She said her friends would ask her if she was a male or a female. “It seems like yesterday that my employers discriminated against me and sent me back home after not even a year of going abroad,” she said.

She had gone abroad because of weak financial status of the family. Even though 14 children were born to two mothers in the family, Sunita preferred to identify herself as a member of the LGBTIQA+ community.

She said that she earned more than Rs 200,000 in Dubai and bought land in Chitwan from that money. She said that even though her employer in Dubai sent her back home as a 'transgender', she was paid for the period she worked. She complained that her passport was suspended so that she could not go abroad because she belonged to the LGBTIQA+ community. In time, Sunita met Sunil Babu Panta.

“I came to know about my sexuality because of Sunil Babu Panta. I internalized myself as a woman, even though I was acting like a man. I have always been fascinated by women's makeup. I used to find myself friendly with women's clothes,” she said, “But I was introduced as a man by this society. I stopped wearing men's clothes. I felt that I was a woman. So I started wearing women's clothes.”

One day she met a friend like herself. Through that friend, she went to Thamel in Kathmandu. Recalling Thamel's first night, she said, “I was really beautiful that day. I looked like a girl. There were many like me.”
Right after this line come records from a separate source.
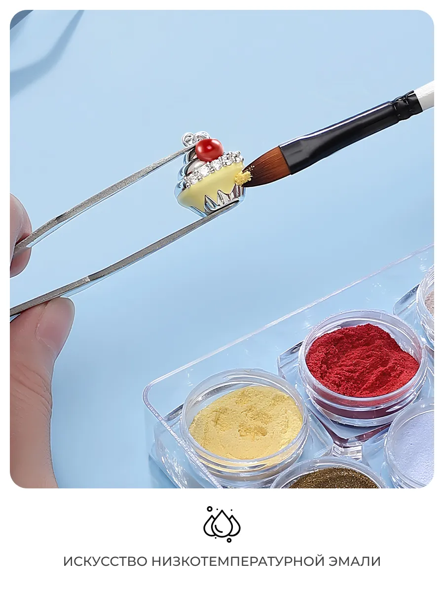 В центре композиции — подвеска в форме кекса с вишней, покрытая глянцевой эмалью и украшенная кубическим цирконием, инкрустированным вручную. Его сияние напоминает сахарные кристаллы на свежем десерте. Металлические элементы покрыты белым золотом, которое защищает поверхность от потускнения и придаёт изысканный блеск.
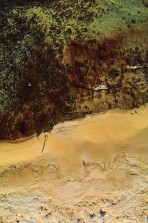 Top view of the dead salt sea edge near green grass, the beauty of nature. Shot. Aerial for green meadow near the dried natural reservoir.
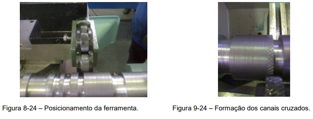 3º Passo – Início da operação de recartilhar, posicionamento da ferramenta no início da área a ser recartilhada, (Figura 8-24), pressiona-se a ferramenta para obter os canais cruzados, (Figura 9-24).
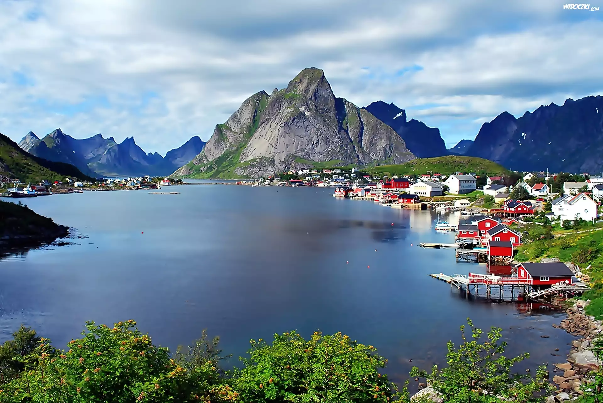 Zdjęcia, Norwegia, Lofoty, Wioska Reine, Góry, Jezioro
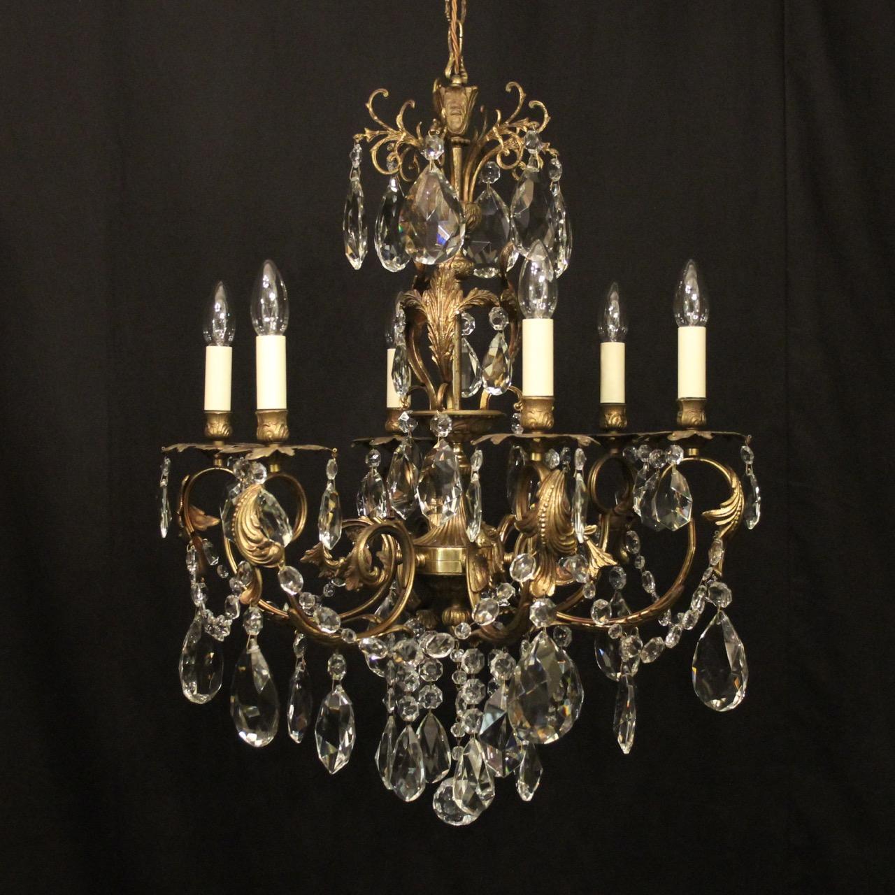 Italian 6 Light Gilded Brass Antique Chandelier

In the days that followed, Thamel's clients and atmosphere attracted Sunita. As the days passed, she worked for a decade and a half in an organization working for sexual and gender minorities.
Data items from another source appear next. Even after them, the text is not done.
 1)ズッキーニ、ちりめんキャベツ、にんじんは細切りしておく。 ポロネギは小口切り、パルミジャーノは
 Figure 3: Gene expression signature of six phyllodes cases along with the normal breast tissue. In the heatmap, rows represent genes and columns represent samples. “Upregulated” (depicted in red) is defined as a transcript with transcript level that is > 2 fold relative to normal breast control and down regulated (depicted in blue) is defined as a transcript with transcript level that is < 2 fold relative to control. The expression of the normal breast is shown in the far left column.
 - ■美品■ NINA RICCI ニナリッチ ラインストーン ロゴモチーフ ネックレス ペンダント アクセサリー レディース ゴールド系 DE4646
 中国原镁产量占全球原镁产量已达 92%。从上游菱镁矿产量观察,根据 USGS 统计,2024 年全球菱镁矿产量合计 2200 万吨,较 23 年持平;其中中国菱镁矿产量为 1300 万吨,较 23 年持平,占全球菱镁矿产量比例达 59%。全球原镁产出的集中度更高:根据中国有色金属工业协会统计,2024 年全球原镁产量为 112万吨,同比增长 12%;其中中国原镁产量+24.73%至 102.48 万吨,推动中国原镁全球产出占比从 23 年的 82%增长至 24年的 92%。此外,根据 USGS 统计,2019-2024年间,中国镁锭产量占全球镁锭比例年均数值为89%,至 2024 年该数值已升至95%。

She also ran a hotel business in Kathmandu. Her business, which ran well in the beginning, did not sustain. “Initially, the hotel was doing very well,” she said, “One day, a friend introduced herself as a transgender to a customer who had come to the hotel. After that, customers stopped visiting the hotel.”

She narrated the experience of meeting people with different thoughts as the days went by. She said that slowly society started to understand them.

She also said that she opened an organization called 'Mayako Sansar' while working and advocating for sexual and gender minorities. “This organization listens to the problems faced by sexual and gender minorities, female and male sex workers and advocates their rights.”  

Sarita KC, the executive director of Mitini Nepal, said that gender and sexual minorities who went for foreign employment had to face many problems. She added that they are being sent back home from abroad because they are gender and sexual minorities. She said, “It is not easy for the people belonging to this community to go abroad.”

People of this community try to hide their identity and go abroad. But Sarita said that agents and manpower companies would not allow them to go abroad at the beginning after knowing that they belonged to the LGBTIQA+ community. Gender and sexual minorities said that even if they go abroad with their identity hidden, they are tormented by the fear of revealing the truth.

According to Kabiraj Upreti, information officer of the Department of Foreign Employment, people from gender and sexual minority communities are generally not included in the demands of employers.